- [EXERCISE PROMPT]: Each line from the one containing "按图示操作控制叶片,使水滴顺利流进管道。后续皆是按图操作即可。" to the last line of the listing below is to be duplicated exactly, and no picture is to be carried over.
RECORDS: Begin
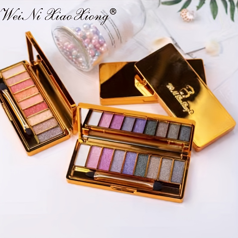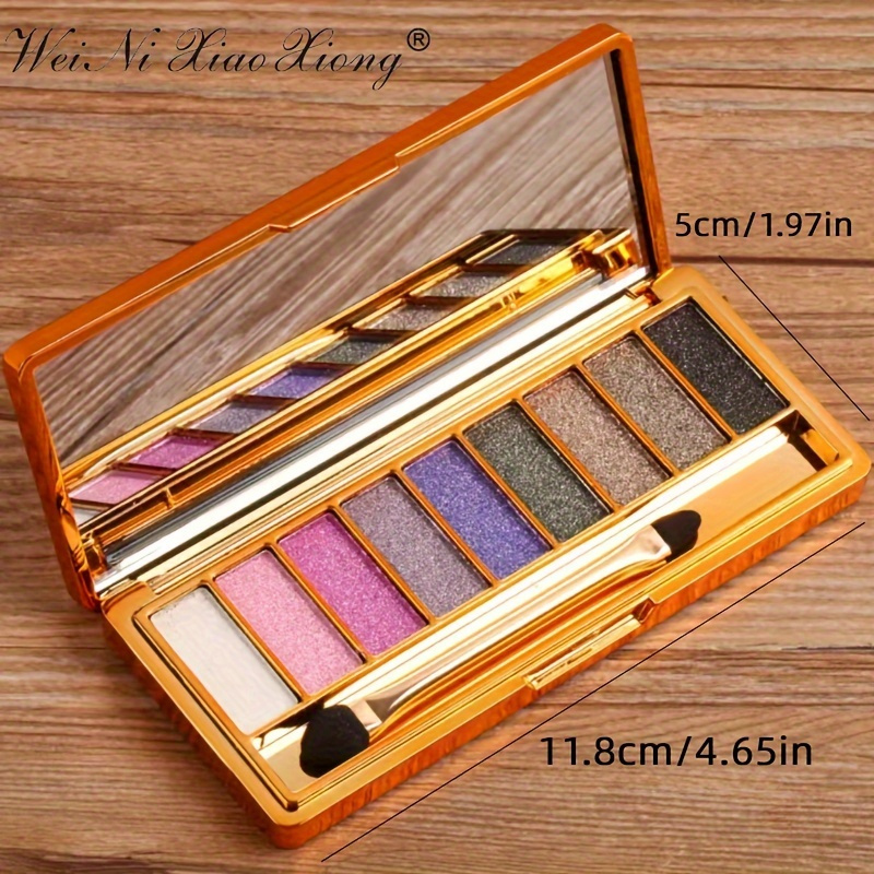 [9-color Golden Eye Shadow Palette] The 9-color golden eye shadow palette is shiny, shiny and shiny, with brush and mirror, high pigment, durable makeup, creating a gorgeous appearance for the music festival, an exclusive gif
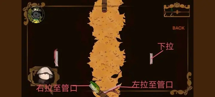 按图示操作控制叶片,使水滴顺利流进管道。后续皆是按图操作即可。
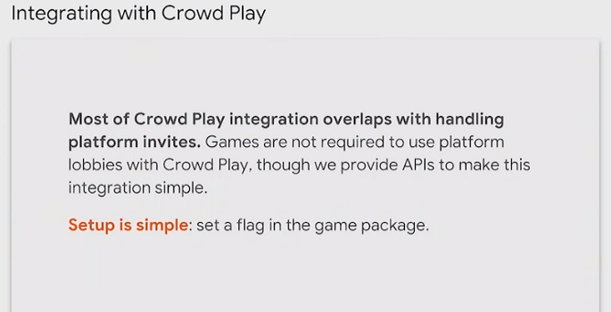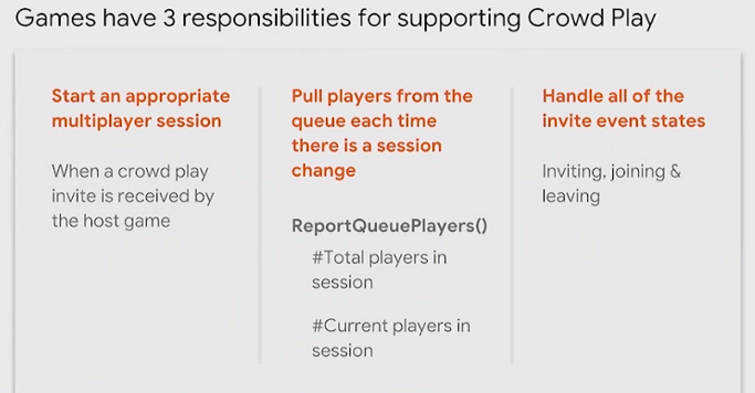 游戏支持Crowd Play,需要先支持Multi Player模式,并使用Stadia SDK从Stadia获取玩家加入、离开的事件
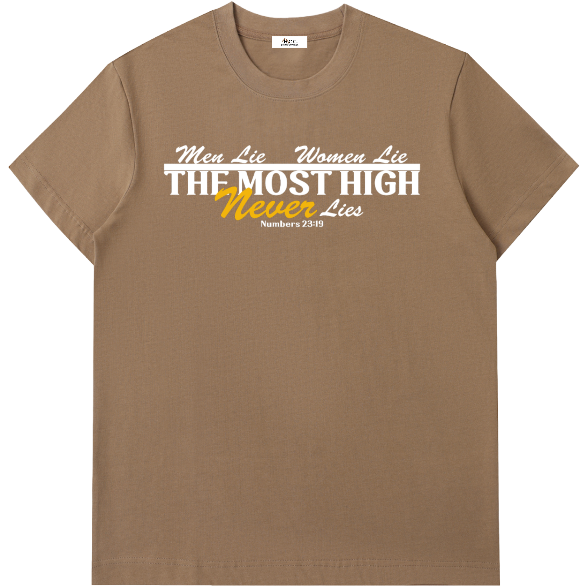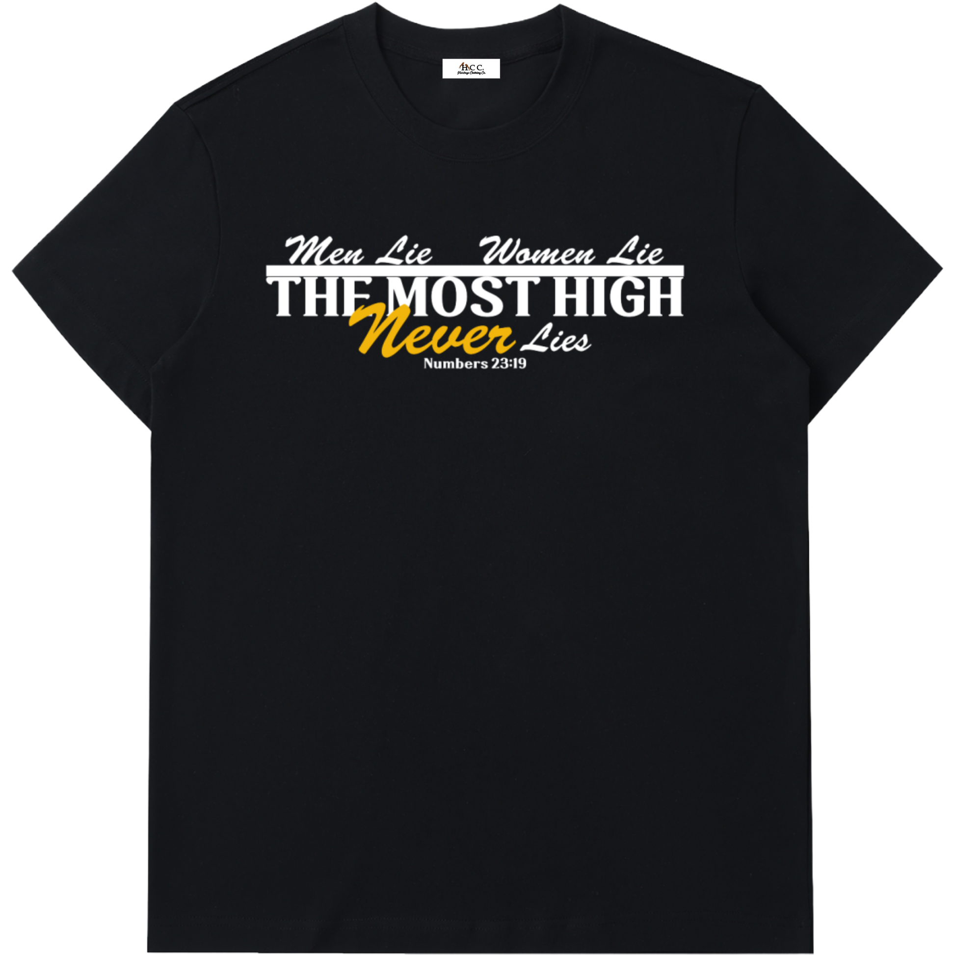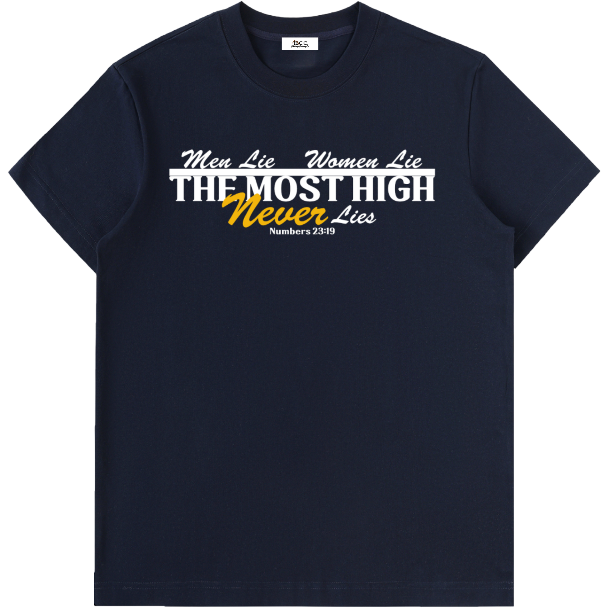 Declare the unshakable truth with the “The Most High Never Lies” t-shirt, inspired by Numbers 23:19: “Yahuah is not a man, that He should lie.”
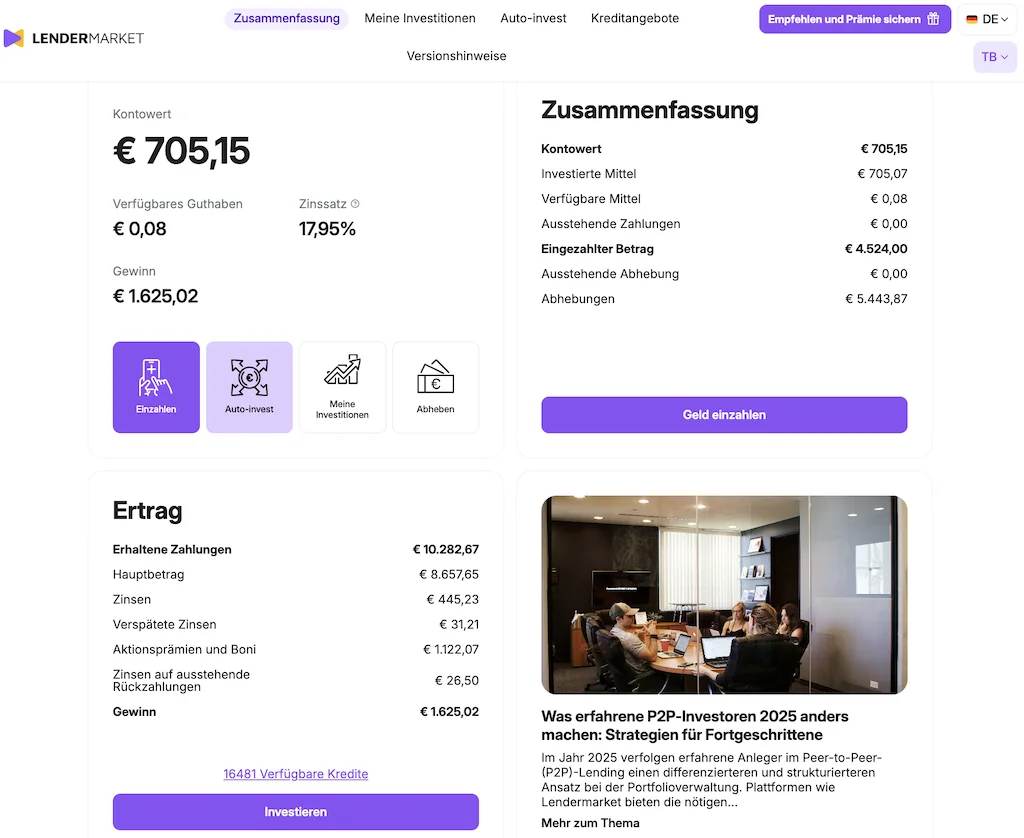 Diese Plattform hat mir 394 Euro Zinsen und Bonus bei einem Investment von 9.500 Euro eingebracht, was einer Rendite von 18,1% entspricht.
RECORDS: End
- [ANSWER BELOW]:
 按图示操作控制叶片,使水滴顺利流进管道。后续皆是按图操作即可。
 游戏支持Crowd Play,需要先支持Multi Player模式,并使用Stadia SDK从Stadia获取玩家加入、离开的事件
 Declare the unshakable truth with the “The Most High Never Lies” t-shirt, inspired by Numbers 23:19: “Yahuah is not a man, that He should lie.”
 Diese Plattform hat mir 394 Euro Zinsen und Bonus bei einem Investment von 9.500 Euro eingebracht, was einer Rendite von 18,1% entspricht.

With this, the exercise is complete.